▶ _How to complete this task_:
Would you retype the entries from the first line to the line bearing "치즈가 녹아들기 시작하면", both included, leaving out every picture?

Excerpts from a dataset:
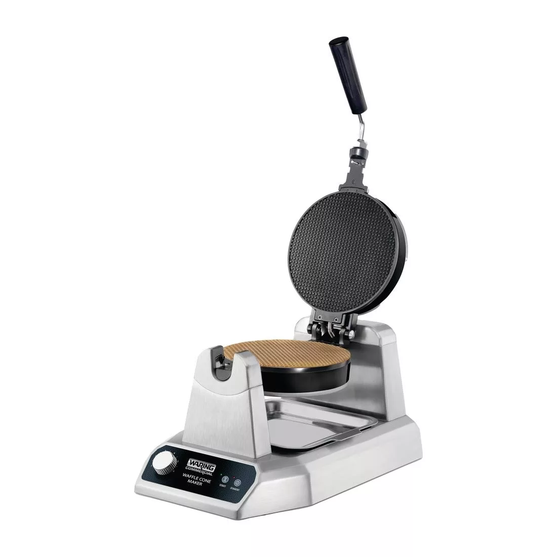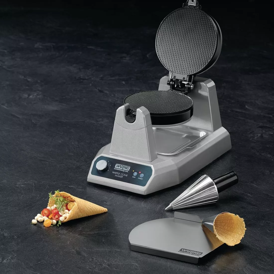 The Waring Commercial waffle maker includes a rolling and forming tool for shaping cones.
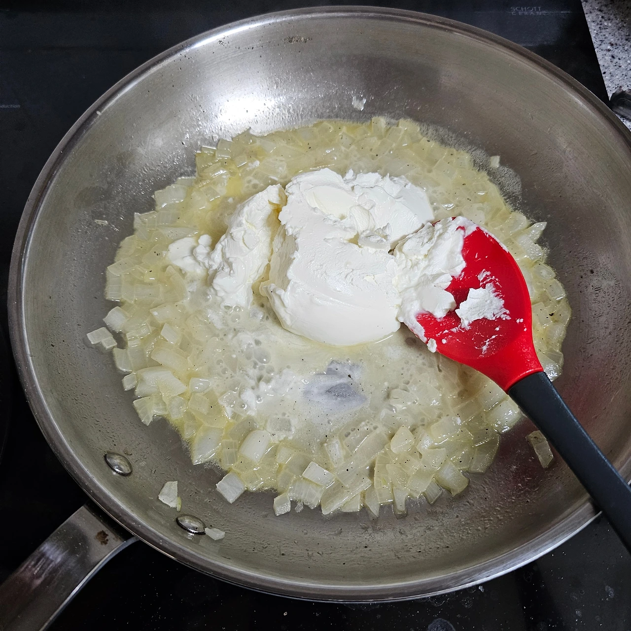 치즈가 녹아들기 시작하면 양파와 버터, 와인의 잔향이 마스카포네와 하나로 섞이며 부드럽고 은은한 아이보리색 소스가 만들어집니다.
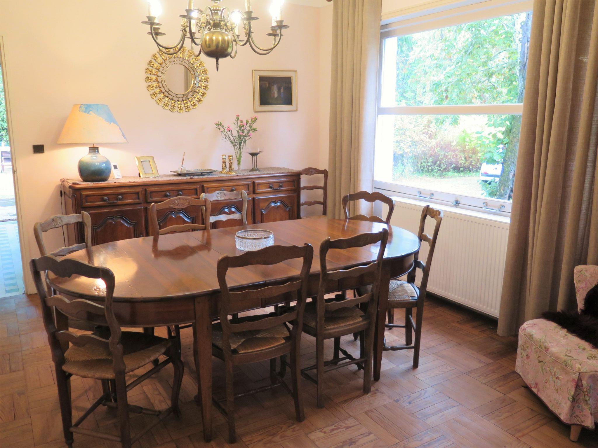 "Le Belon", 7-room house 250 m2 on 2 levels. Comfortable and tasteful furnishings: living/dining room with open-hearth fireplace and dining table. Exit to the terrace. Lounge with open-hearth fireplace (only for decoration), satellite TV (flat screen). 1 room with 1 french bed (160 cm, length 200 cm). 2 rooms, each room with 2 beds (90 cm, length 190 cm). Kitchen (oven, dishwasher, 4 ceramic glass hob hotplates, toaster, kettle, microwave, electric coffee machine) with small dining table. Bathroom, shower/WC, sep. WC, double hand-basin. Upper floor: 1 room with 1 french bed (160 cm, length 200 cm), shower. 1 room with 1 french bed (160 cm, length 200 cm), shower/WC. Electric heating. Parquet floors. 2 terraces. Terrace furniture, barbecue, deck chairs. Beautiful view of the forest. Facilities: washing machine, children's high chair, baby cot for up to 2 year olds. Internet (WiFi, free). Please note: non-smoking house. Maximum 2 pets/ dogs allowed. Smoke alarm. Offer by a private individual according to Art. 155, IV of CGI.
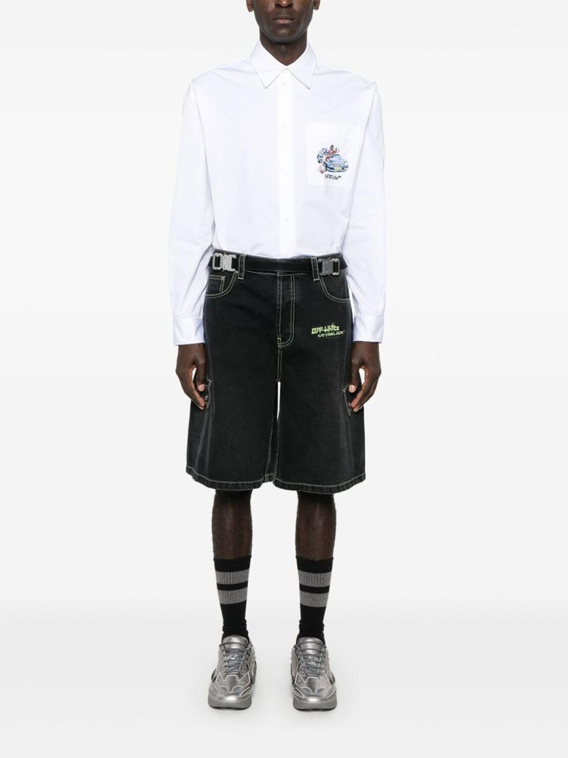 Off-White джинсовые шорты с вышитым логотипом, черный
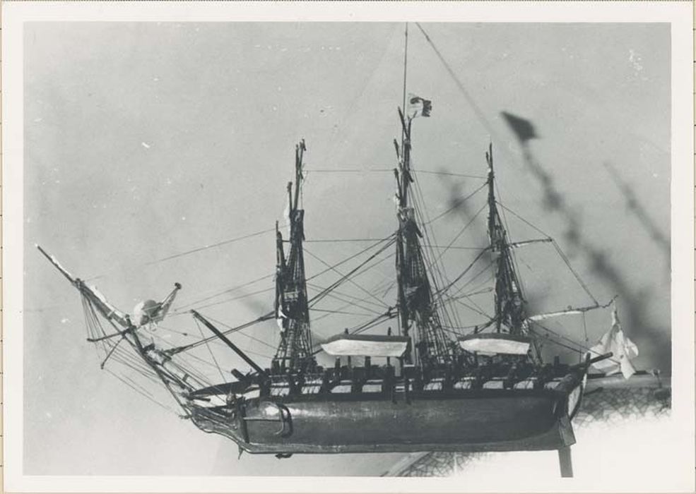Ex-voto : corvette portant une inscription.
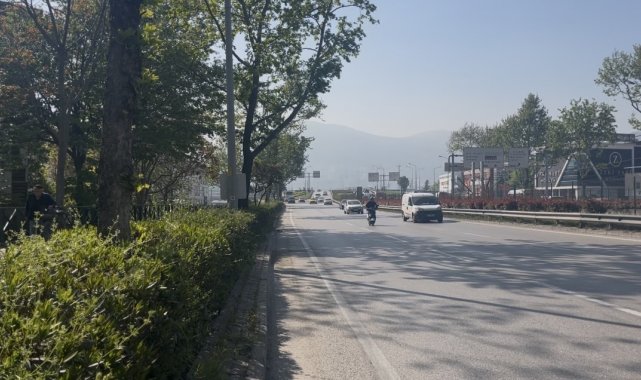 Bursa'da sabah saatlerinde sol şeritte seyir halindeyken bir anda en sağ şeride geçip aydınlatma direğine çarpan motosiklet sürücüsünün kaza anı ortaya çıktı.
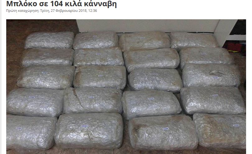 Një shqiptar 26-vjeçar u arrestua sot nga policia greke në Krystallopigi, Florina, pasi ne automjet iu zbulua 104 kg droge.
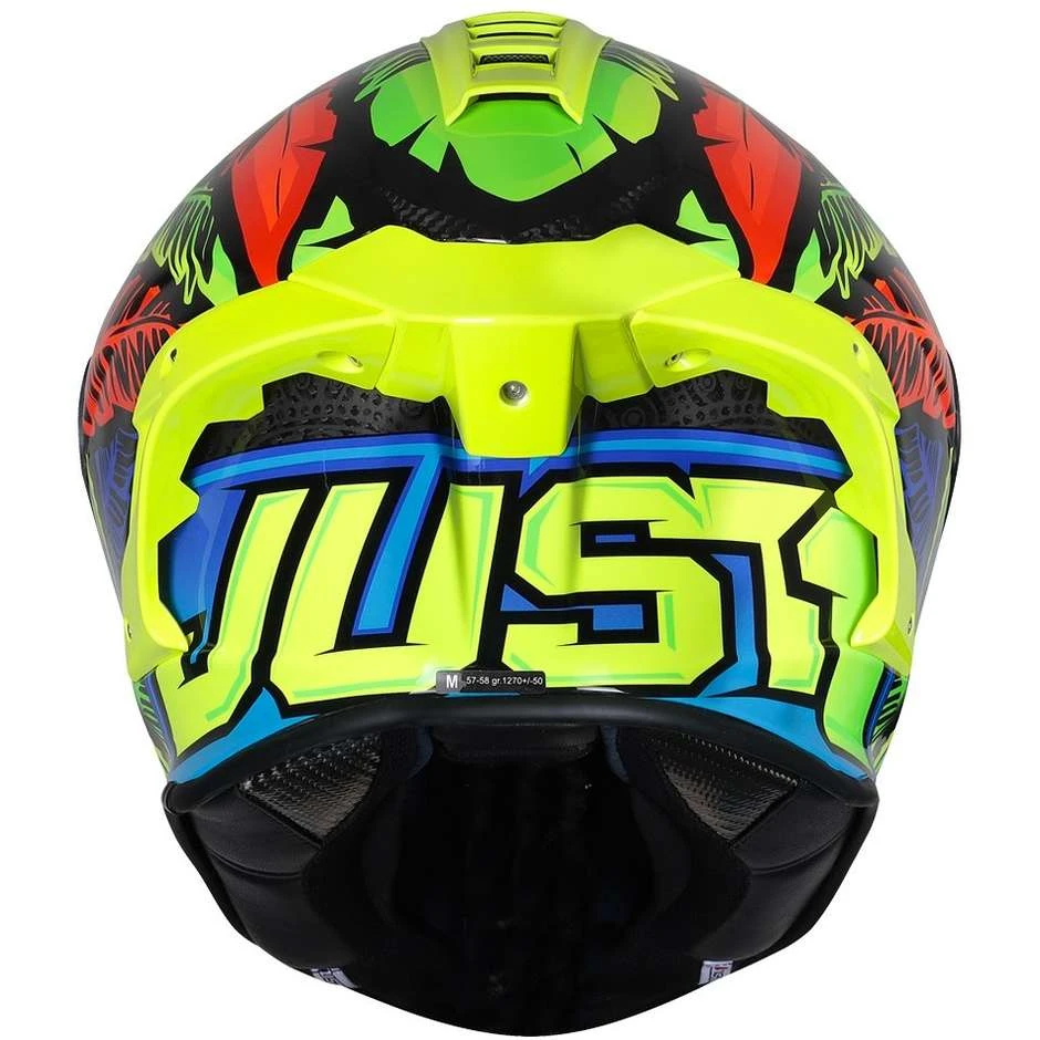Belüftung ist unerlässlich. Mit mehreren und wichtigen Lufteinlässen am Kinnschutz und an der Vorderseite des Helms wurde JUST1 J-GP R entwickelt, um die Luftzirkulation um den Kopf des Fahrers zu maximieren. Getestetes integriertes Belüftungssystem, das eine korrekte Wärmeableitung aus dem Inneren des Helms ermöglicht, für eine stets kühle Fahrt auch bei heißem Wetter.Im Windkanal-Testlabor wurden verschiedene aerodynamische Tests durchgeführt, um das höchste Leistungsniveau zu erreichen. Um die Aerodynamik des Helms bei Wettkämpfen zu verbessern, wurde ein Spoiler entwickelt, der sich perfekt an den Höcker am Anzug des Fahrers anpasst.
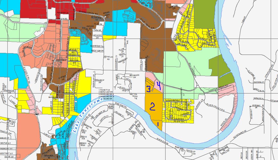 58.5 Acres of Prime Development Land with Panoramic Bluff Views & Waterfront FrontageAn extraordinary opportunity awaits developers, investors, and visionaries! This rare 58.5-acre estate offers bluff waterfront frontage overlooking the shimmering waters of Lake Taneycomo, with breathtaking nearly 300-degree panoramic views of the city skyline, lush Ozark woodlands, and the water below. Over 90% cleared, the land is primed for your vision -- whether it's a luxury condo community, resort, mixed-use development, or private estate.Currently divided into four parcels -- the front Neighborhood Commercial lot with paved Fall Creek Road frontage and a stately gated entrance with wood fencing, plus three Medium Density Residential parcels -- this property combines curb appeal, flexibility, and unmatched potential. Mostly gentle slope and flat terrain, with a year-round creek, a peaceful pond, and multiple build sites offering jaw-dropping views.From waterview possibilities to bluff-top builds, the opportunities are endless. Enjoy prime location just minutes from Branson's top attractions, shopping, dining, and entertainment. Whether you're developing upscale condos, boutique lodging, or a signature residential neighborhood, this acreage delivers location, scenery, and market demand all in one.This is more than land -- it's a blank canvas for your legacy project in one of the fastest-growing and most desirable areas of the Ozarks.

▶ _Written reply_:
 The Waring Commercial waffle maker includes a rolling and forming tool for shaping cones.
 치즈가 녹아들기 시작하면 양파와 버터, 와인의 잔향이 마스카포네와 하나로 섞이며 부드럽고 은은한 아이보리색 소스가 만들어집니다.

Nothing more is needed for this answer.